I got to know Kate of Sweet Success during the second Diabetes Blog Week. I felt like we hit it off right from the start and she was one of my Find a Friends during this year’s DBlog Week. Even thought we were “just on-line friends”, I’ve always felt very close to Kate. It makes me so so happy when I have the opportunity to meet an on-line friend in person, and Kate has been high on my list of people I still really needed to meet. I’m in Connecticut and she’s in Arizona, but I always believed we would somehow meet some day and I always told Kate it would happen. So when she told me she was coming to Connecticut to participate in a panel, I didn’t think twice about letting her know I would drive up to meet her. We worked out our plans and on Thursday I drove up to her hotel so we could have dinner!
I knew I’d be writing a post about the wonderful time we had. I thought it would be all about how the on-line friendships we are making in the DOC are real friendships that transcend the boundaries and borders of the internet. But, of course, that’s been said so many times by so many others (and probably by me as well), so it’s hardly news to anyone. And then I read Kate’s post about our meet-up, and as I sat there with tears in my eyes I knew exactly what I wanted to write about. Kate talked about how although Type 1 and Type 2 are both diabetes, with so many of the same issues and treatments, they are also very different in some ways. I agree and spending time with Kate gave me an even better understanding of this fact.
But do you know what? I was shaking my head in bewilderment when Kate wrote that she felt like I have a lot more to do to handle T1 than she does for T2. Because honestly, as we talked Thursday night I couldn’t help but feel how much easier I have things than Kate does. She told me about her long flight the day before, which happened AFTER a three hour drive to the airport. And how when she finally arrived at her hotel she was greeted with a high blood sugar. So what did she do? She did what she had to - she went down to the fitness center and walked on the treadmill. I was so impressed - understanding how exhausted she must have been and knowing that when faced with the same situation I would just press the buttons on my pump for a correction bolus and go to sleep.

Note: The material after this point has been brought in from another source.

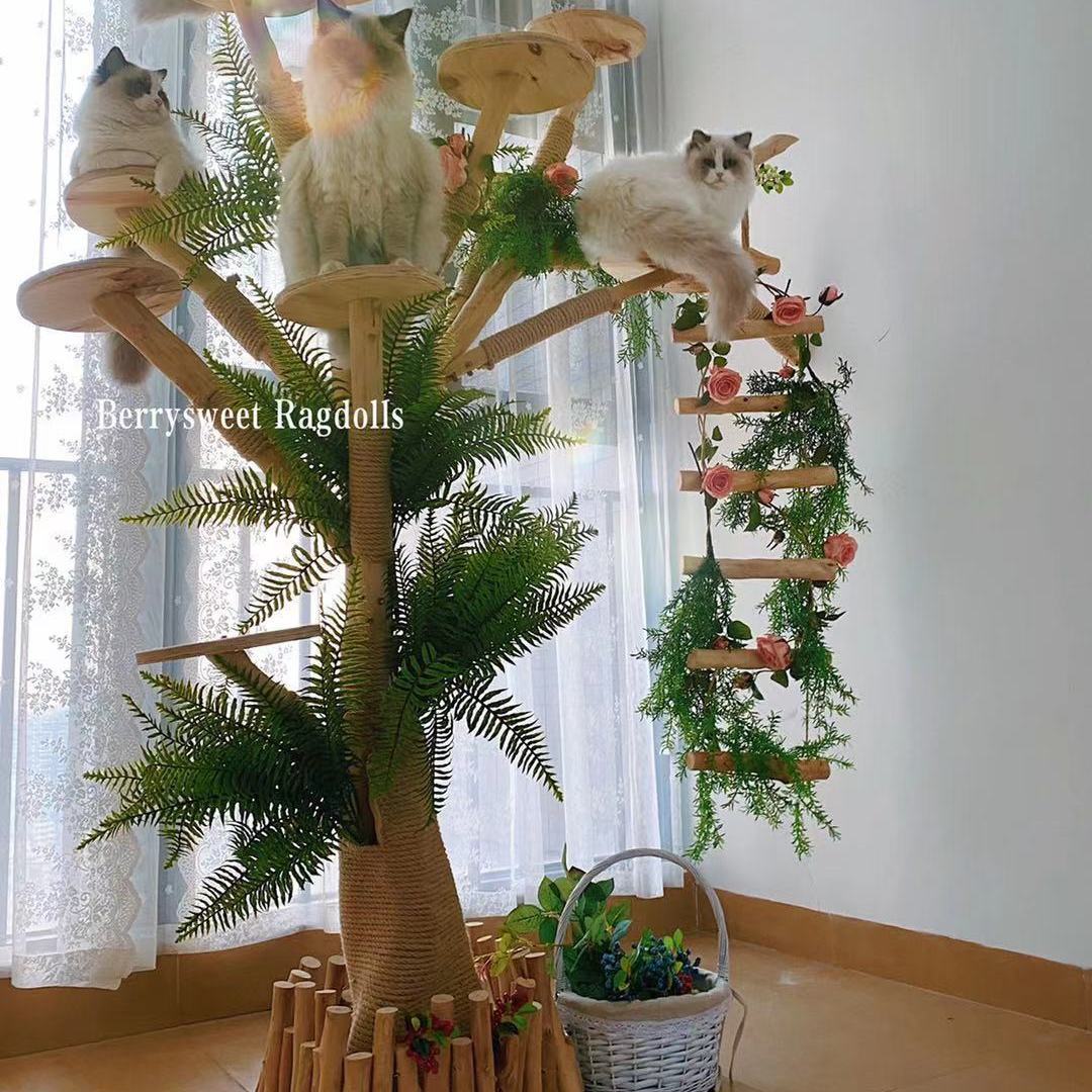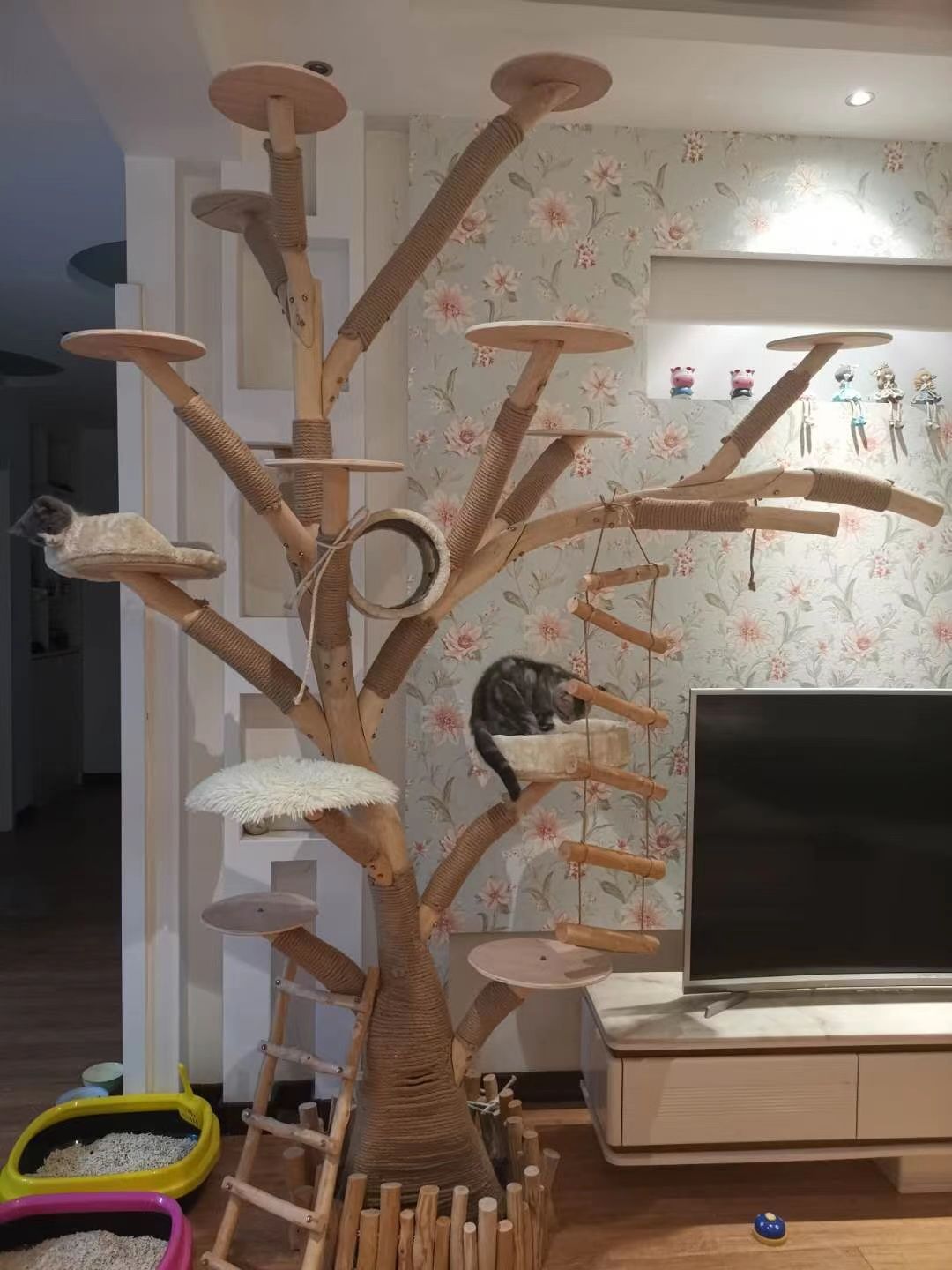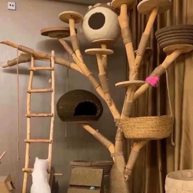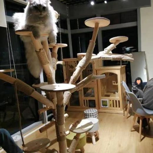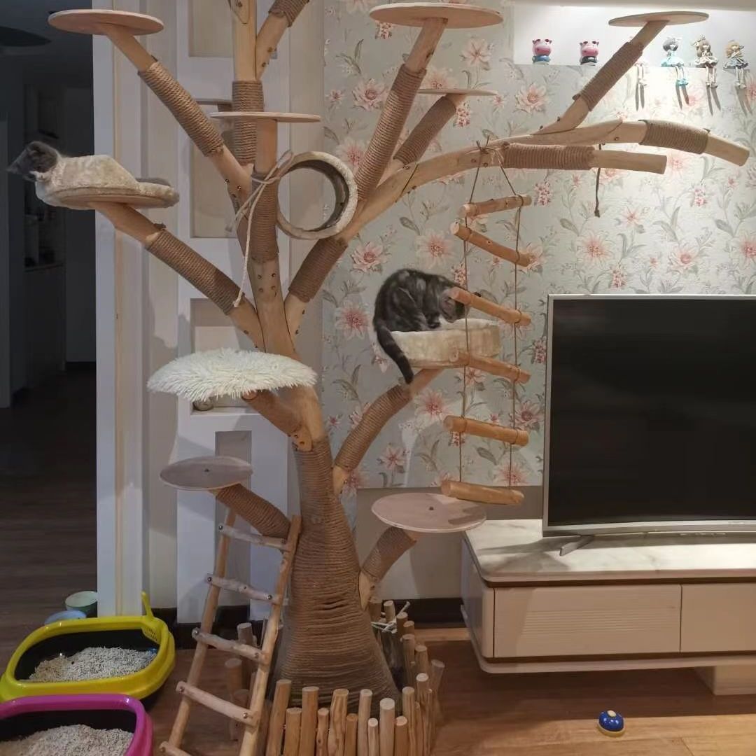 끈적 끈적한 머리 고양이 랙 단단한 나무 고양이 등반 나무 등반 큰 DIY 내구성 풀 세트 고양이 등반 랙 액세서리 강한 럭셔리스토어 가기

At dinner we both chose some tasty salads. I used my phone to look up the carb count for my salad and was taken aback to find it supposedly had 51 grams. No croutons, no starchy vegetables besides a few carrot shreds, no bread sticks served with it - restaurant dressing aside 51 grams still seemed high to me. I casually told Kate I’d under bolus quite a bit since I had an hour’s drive home alone and didn’t want to go low. I said I’d rather end up higher for my drive than lower, and if needed I’d correct back down when I got home. What I didn’t tell Kate was that I was secretly wondering how many carbs were in her salad, and what it would do to her blood sugar. I felt guilty that I could correct a high down fairly easily, while she might have to force herself into another late night workout. Who had it harder that night? In my opinion, Kate did, hands down!!
Type 1 and Type 2 are both diabetes. It’s not a contest as to who has it easy - nobody does, T1 and T2 are both hard. We walk similar paths and deal with similar issues. But I agree with Kate when she said comparing us is like comparing apples to oranges. Yes, I’m taking over 100% for my pancreas, while Kate is an executive assistant for hers. She can’t imagine testing 4 times in as many hours like I did on Thursday (although I usually don’t test THAT often, there were a bunch of extenuating factors in play). I can’t imagine trying to manage on one test strip a day and using diet and exercise as my main treatment options. Perhaps the grass is always greener on the other side? Frankly, I don’t think so. I think the grass is pretty well-worn on both sides of the diabetes fence.
Kate, thank you so much for the lovely post you wrote and the lovely visit we shared. Thank you so much for the kind words about what I and other T1s do to stay healthy. And to you and everyone living with Type 2 - I salute you. I understand a little better the road you walk and the work you do and the struggles you face. You are all inspiring to me and I admire all of the hard work YOU do to stay healthy.